Al final del verano, durante varias semanas, se relajaron un poco las medidas de seguridad en la casa, y el médico permitió que David y Klara salieran por las noches de su habitación, cuando todas las cortinas estaban echadas. David decía que aquellas salidas eran la mejor experiencia de su vida. Se sentía como un preso en una celda a quien, por fin, dejan salir a pasear por el pequeño patio de la cárcel. Recorría la casa observando los muebles del doctor Kohly como si fuera un turista en un museo. Lieneke sabía cómo se sentía: exactamente igual que se sentía ella cuando salía de vez en cuando del desván de la casa de la Ciruela y la Avispa, pero ella había pasado tan sólo unas semanas allí, mientas que Klara y David llevaban encerrados en una pequeña habitación más de un año.

—A los alemanes —continuó diciendo el médico— les cuesta asimilar la derrota que se avecina, y por eso están aumentando las redadas contra los miembros de la resistencia y los judíos.

Miró a Lieneke y ésta suspiró. Sabía que no sólo David y Klara corrían ahora un gran peligro. También ella, su hermano, sus hermanas y sus padres podían ser detenidos, precisamente ahora, cuando todos decían que el fin de la guerra se veía ya en el horizonte.

—Yo tengo cuidado en todo lo que digo —dijo en voz baja.

—Lo sé, Lieneke —dijo Henry Kohly—. Sé que se puede confiar en ti para lo que sea.

De nuevo quería preguntar qué les hacían exactamente los nazis a los judíos y qué les hacían a las personas que los escondían, pero se calló.

A esa pregunta, que llevaba tanto tiempo angustiándola, obtuvo respuesta unos días más tarde. Al salir del colegio con Klaus, vio en la plaza redonda del pueblo, justo enfrente de ellos, una gran aglomeración.

Un gran gentío, incluidos algunos alumnos del colegio, permanecía allí en completo silencio. Klaus echó a correr hacia allí y Lieneke lo siguió y se detuvo al lado de Gredda.

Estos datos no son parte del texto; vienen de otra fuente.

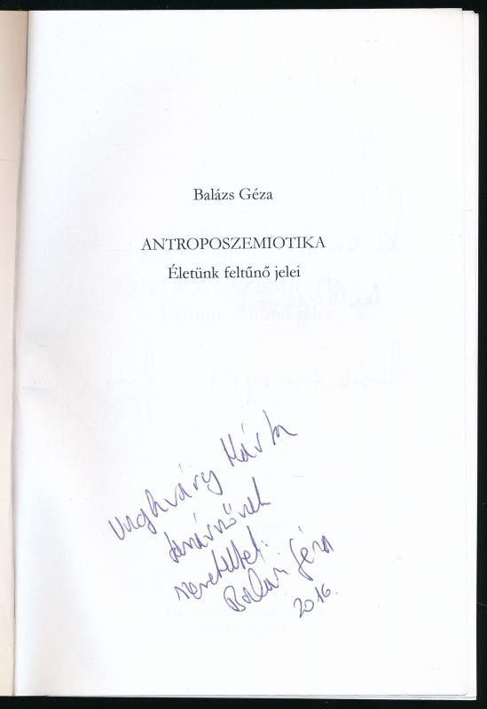 Balázs Géza: Antroposzemiotika. Életünk feltűnő jelei. DEDIKÁLT! Magya... https://www.darabanth.com/hu/517-Filatelia-kepeslap-numizmatika-mutargy-konyv-papirregiseg-ekszer-aukcio/522.0/Konyvek/Konyvek-Tarsadalomtudomany~148/Balazs-Geza-Antroposzemiotika-Eletunk-feltuno-jelei-DEDIKALT-Magyar-szemiotikai-tanulmanyok~II3506815

—¿Qué pasa aquí? —preguntó.

Gredda no respondió, sino que le tapó la boca con las manos; había pánico en su mirada.

En la entrada del pequeño barracón del matrimonio Van Loor había soldados nazis, muy erguidos, apuntando con los fusiles. También Hans, el soldado que vivía en casa de Gredda, estaba allí, con el cuello estirado y la mirada clavada en la pequeña puerta de la casa. Primero salió Jorie Van Loor, arrastrando los pies, con paso tembloroso. Levantó lentamente los brazos, y el soldado que estaba detrás de ella le puso una pistola en la sien. Sin dejar de apuntarle a la cabeza con la pistola, le gritó que se pusiera delante de la multitud. Detrás salió Jann, que tenía muchos más años que ella y su ancha espalda tendía hacia adelante. El soldado que estaba detrás de él le golpeó con la culata del fusil y lo puso contra la pared, junto a su mujer. Pasó temblando entre la multitud de curiosos. La gente se tapaba la boca, se llevaba la mano al corazón presa del pánico, se santiguaba, refunfuñaba.

—¿Por qué? —susurró Lieneke al oído de Gredda—. ¿Qué han hecho?

La respuesta no se hizo esperar. Salió de la casa, mientras un soldado le golpeaba por detrás, con los brazos detrás de la cabeza. El chico asustado con el que se había encontrado una noche en casa del doctor Kohly, aquel chico en cuyo abrigo buscó marcas de un parche amarillo, estaba ahora ante la multitud con los ojos apagados y entornados. La señora Van Loor dirigió la mirada hacia sus vecinos y se encontró con los ojos de Lieneke. Entonces se oyó un grito atronador. Era el oficial. Alzó su pistola, la dirigió hacia la cara de Jann y gritó: «¡Esto es lo que se merecen los infectos traidores que quieren a los judíos y esconden en sus casas a los infames que envenenan Europa!». Disparó a la frente de Jann e inmediatamente después al corazón de Jorie. Un estrépito ensordecedor de aleteos asustados y trinos de pájaros sobresaltados se oyó encima de ellos. Lieneke sintió que le flojeaban las piernas y que no podrían sujetarla por mucho tiempo más. Se le nubló la vista y apenas pudo ver la sangre que salpicó la pared detrás de ambos, que cayeron al suelo como muñecos de trapo. Oyó que el oficial seguía gritando: «¡Y esto es lo que se merecen los perros judíos!», y, antes de que se oyera el ruido del disparo que acabó con el chico judío, alguien la agarró del hombro y se la llevó de allí. Era el abuelo Kohly. Con su cuerpo, grande como el de un oso, la protegió durante todo el camino a casa, y lloró.